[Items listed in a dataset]

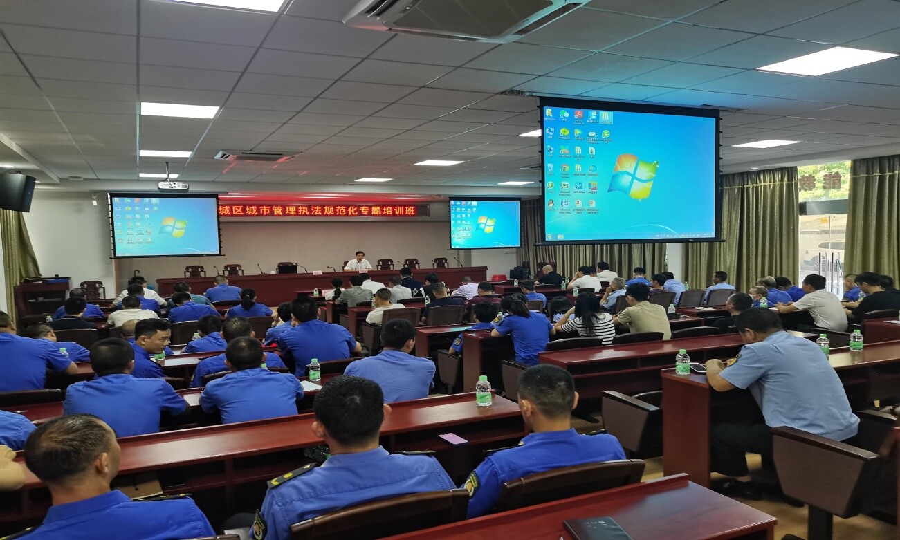 為深入學習貫徹習近平法治思想,認真落實市委、市政府關於加強城市管理和綜合執法工作要求,5月30日上午,市住建局舉辦梅州城區城市管理執法規範化專題培訓班。受市住建局黨組書記、局長李宏同誌的委托,此次培訓由市住建局黨組成員、副局長、三級高級主辦朱煥明同誌主持並作開班動員講話,梅縣區和梅江區住建局分管城市管理綜合執法領導及相關股(室)負責同誌,梅江區各鎮(街)分管城市管理綜合執法領導及相關人員近90人參加了培訓。
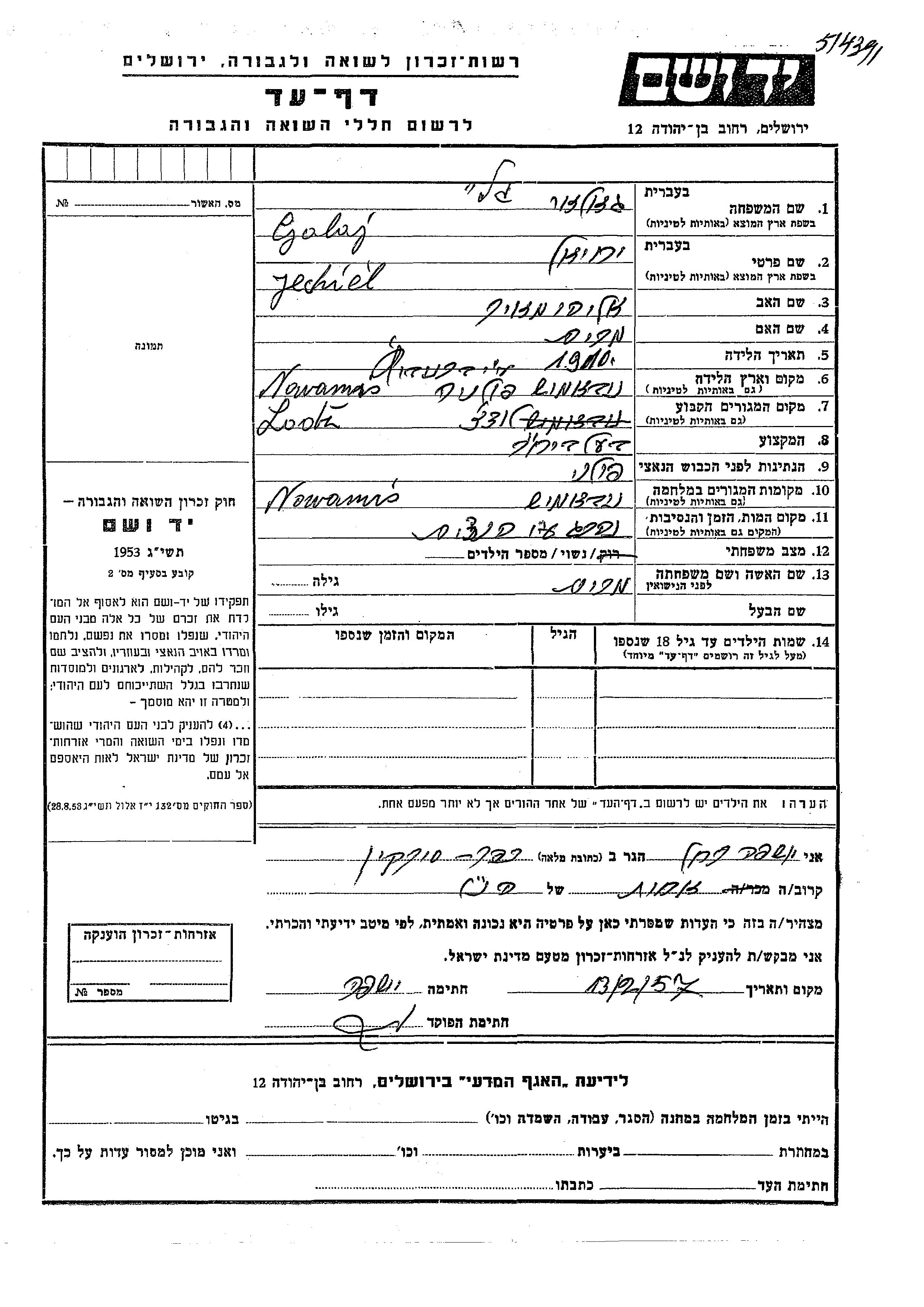 Иехиэль Галай, место рождения: Нове-Място, Польша. Отец: Элиягу Меир, mать:Мирьям. Фабрикант. Женат / замужем. Место жительства до войны: Лодзь, Польша. Место во время войны: Нове-Място, Польша.
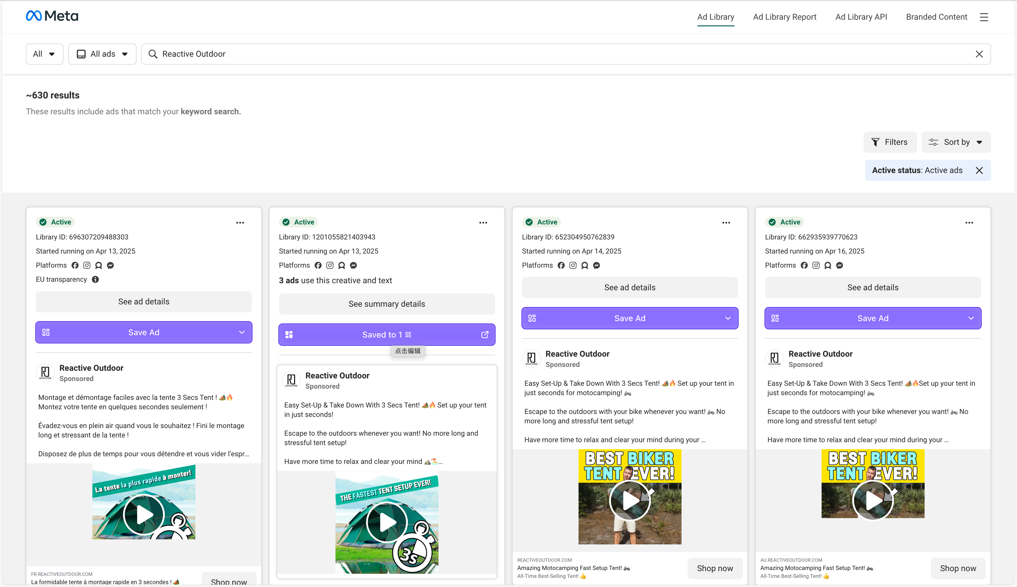 Save 10 new ads from competitors
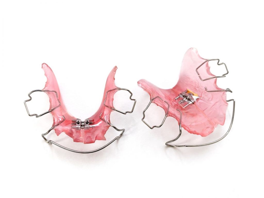 拡大床は、取り外しが可能な装置で、一般的にはアクリル樹脂で作られた床部分と、歯に固定するための金属製のバンドやクラスプで構成されています。装置の中央にはスクリューがあり、これを定期的に回すことで徐々に装置が拡大され、顎の骨が広がる仕組みになっています。拡大は数か月から1年程度の期間をかけて少しずつ進められ、成長期にある顎の柔軟な骨を利用して効果的に拡大が行われます。
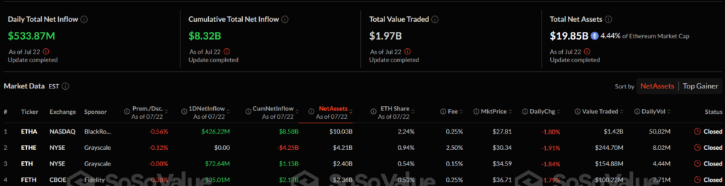 Spot Ethereum ETFs attracted substantial interest from investors. According to recent data, Ethereum ETFs experienced a net inflow of $533.8 million. This significant figure reinforces investor confidence in Ethereum-based products and has had a notable impact on ETH’s market capitalization.
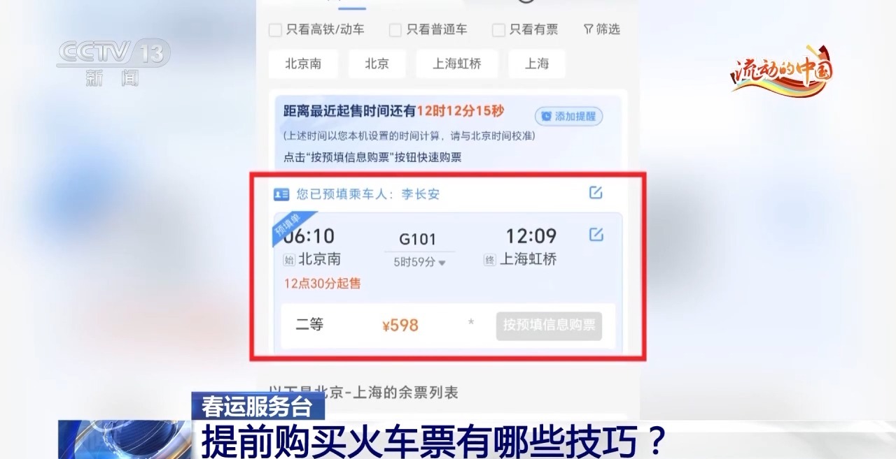 其次,信息预填。从预售期当天零点,到该车票始发站起售时间前,旅客都可以提前预填购票信息,以便在车票开售后第一时间提交,节省线上排队等待时间。
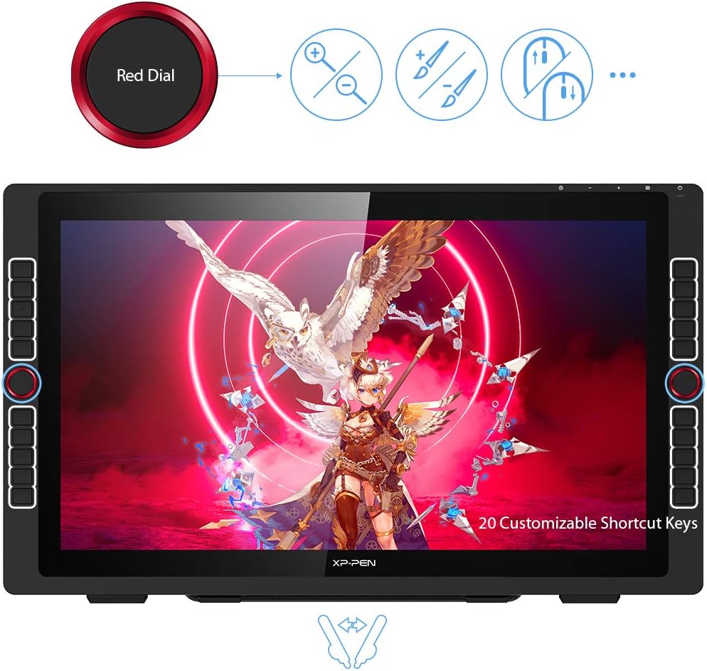 【Repensée pour créer davantage, plus naturellement】Le Stylet sans batterie PA2 supporte jusqu'à 60 degrés de fonction d'inclinaison et offre des performances de lignes supérieures pour créer les plus beaux traits et esquisses. La tablette XP-Pen Artist 22R Pro dispose de deux roues à cadran rouge faciles à contrôler et 20 touches de raccourci personnalisables qui sont positionnés sur les deux côtés, ce qui offre une utilisation équitable pour les utilisateurs gauchers comme droitiers.

What is expected:
Provide an exact copy of the records, excluding every picture.

Problem solution:
 為深入學習貫徹習近平法治思想,認真落實市委、市政府關於加強城市管理和綜合執法工作要求,5月30日上午,市住建局舉辦梅州城區城市管理執法規範化專題培訓班。受市住建局黨組書記、局長李宏同誌的委托,此次培訓由市住建局黨組成員、副局長、三級高級主辦朱煥明同誌主持並作開班動員講話,梅縣區和梅江區住建局分管城市管理綜合執法領導及相關股(室)負責同誌,梅江區各鎮(街)分管城市管理綜合執法領導及相關人員近90人參加了培訓。
 Иехиэль Галай, место рождения: Нове-Място, Польша. Отец: Элиягу Меир, mать:Мирьям. Фабрикант. Женат / замужем. Место жительства до войны: Лодзь, Польша. Место во время войны: Нове-Място, Польша.
 Save 10 new ads from competitors
 拡大床は、取り外しが可能な装置で、一般的にはアクリル樹脂で作られた床部分と、歯に固定するための金属製のバンドやクラスプで構成されています。装置の中央にはスクリューがあり、これを定期的に回すことで徐々に装置が拡大され、顎の骨が広がる仕組みになっています。拡大は数か月から1年程度の期間をかけて少しずつ進められ、成長期にある顎の柔軟な骨を利用して効果的に拡大が行われます。
 Spot Ethereum ETFs attracted substantial interest from investors. According to recent data, Ethereum ETFs experienced a net inflow of $533.8 million. This significant figure reinforces investor confidence in Ethereum-based products and has had a notable impact on ETH’s market capitalization.
 其次,信息预填。从预售期当天零点,到该车票始发站起售时间前,旅客都可以提前预填购票信息,以便在车票开售后第一时间提交,节省线上排队等待时间。
 【Repensée pour créer davantage, plus naturellement】Le Stylet sans batterie PA2 supporte jusqu'à 60 degrés de fonction d'inclinaison et offre des performances de lignes supérieures pour créer les plus beaux traits et esquisses. La tablette XP-Pen Artist 22R Pro dispose de deux roues à cadran rouge faciles à contrôler et 20 touches de raccourci personnalisables qui sont positionnés sur les deux côtés, ce qui offre une utilisation équitable pour les utilisateurs gauchers comme droitiers.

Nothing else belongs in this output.